As for CDs, I think you will also find that most are not worth selling. You can check typical prices by entering the barcode of each into Amazon and seeing how much used copies might go for and you can use a similar price or a bit lower on eBay. But if you find very expensive ones on Amazon (£100, £1000!) do not assume that they actually sell for that. These prices usually arise from sellers using automated pricing software (usually linked to Amazon's market) that over-values items that are otherwise not available - set your prices for these much lower (but still quite high) and you may pick up a grateful collector searching for that item.


----------



## SONNET CLV (May 31, 2014)

KevinJS and Enthusiast offer sound advice.
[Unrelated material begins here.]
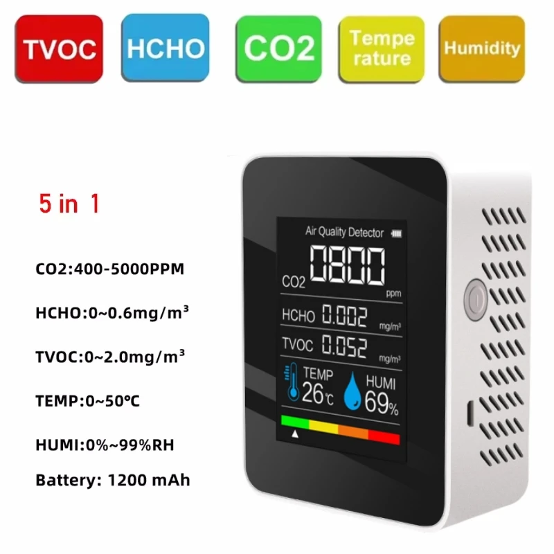 5in1 Multifunctional CO2 Meter Digital Temperature Humidity Tester Carbon Dioxide TVOC HCHO Detector Air Quality Monitor

You might check to see if there is a reputable used record/disc store in your area which would be willing to purchase the lot of the collection. Near-mint condition vinyl on certain labels may prove inviting to such a store. I know I'd be willing to spend a few bucks on well cared-for vinyl at such a store. Current prices for newly pressed vinyl range from around 14 to 50 dollars for single albums. The "old" records can be worth even more, though most will fetch less. Value resides in the wallet of the interested buyer. If there are more than one local record stores, check them all out. Look at the prices they are selling items for and the kind of material they handle. Some record stores don't favor classical music; others do.

Discogs is a great site, and there is active buying and selling going on all the time. But unless you want to turn the selling into a kind of hobby, you'd be better off trying to dump larger lots of the collection with some single buyer, such as a used record store. But here's something you can gain from Discogs: possible price ranges for items. For example, if you have LPs from, say, the Mercury label, or Lyrita, or Mobile Fidelity ... you can look up the album and get an idea of what price the item may sell for. Such will take a little bit of time and effort, and you can research info on-line concerning albums and selling prices, but I mention this because it's possible you may have quite a few of the "highly desired" older discs or even some of the higher priced "new" discs, and if one were to offer you a basic "dollar per disc" you may not be getting the deal you deserve. A dollar a disc is probably a good price for the average allotment of standard old classical records that are not in especially great condition, but I know I wouldn't want to settle for that price for many of my own discs. Still, it will take some work to get the best prices. But fanatic record buyers (folks like me) are not shy about putting out a few bucks for discs they desire, even though they, too, like bargains.

Meanwhile, while you work on passing these off, why not take a listen to a couple of them. You may find you'd rather invest in some good quality playback equipment than sell such a collection.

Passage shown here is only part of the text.